Thermogravimetry is the most widely used technique for determining the reaction rate of a solid or divided solid as it transforms through thermal decomposition or reaction with one or more gases. It is used in a wide range of applications, from chemical processes for divided solids to high-temperature corrosion of materials. Modeling the course of a heterogeneous reaction based on the fundamental processes – germination and growth – calls on heterogeneous kinetics, a demanding but inescapable discipline for anyone wishing to predict the behavior of a real solid-gas system of any kind, such as powders in a calcination kiln or a material placed under extreme corrosive conditions. The scientific progress achieved over the last hundred years is essentially due to the existence of two parallel communities of researchers: those working in the field of divided solid transformation processes ("process engineering" in French laboratories and "chemical engineering" in Anglo-Saxon laboratories) and those working in the field of materials (metallurgists, ceramists). The current split between the two groups is such that the former use mathematical methods to interpret kinetic data obtained in temperature ramps, while the latter have laid the foundations of metal oxidation theory by describing reaction mechanisms very precisely on the basis of isothermal and isobaric tests. The former paid little heed to the physical characteristics of the powders under study, and sought the best rate law appearing in a "list" of models reproduced from article to article, while the latter developed sophisticated physical models generally limited to plane symmetry. However, the transposition of knowledge from one community to the other enriches their respective approaches and, above all, generalizes the concepts of chemical kinetics by proposing a methodology adapted to the establishment of predictive rate laws while elucidating reaction mechanisms.

The aim of this article is to bridge the gap between the two approaches by revisiting heterogeneous kinetics to provide engineers and researchers with the tools they need to understand and model heterogeneous reactions in solid-gas systems.

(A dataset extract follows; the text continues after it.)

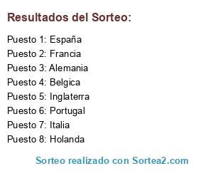 Lista de participantes: Alemania, España, Francia, Italia, Holanda, Belgica, Portugal, Inglaterra.

The approach developed is designed to interpret experimental kinetic curves describing mass variations over time of a solid placed under given thermodynamic conditions (isothermal thermogravimetry and gas mixing at fixed partial pressures). For this purpose, pseudo-stationary analytical models based on the determining step approximation are preferred, as numerical resolution methods for systems of differential equations are difficult to use due to the multitude of unknown parameters. The velocity equation can then be decomposed into a product of two functions with separate thermodynamic and morphological variables,...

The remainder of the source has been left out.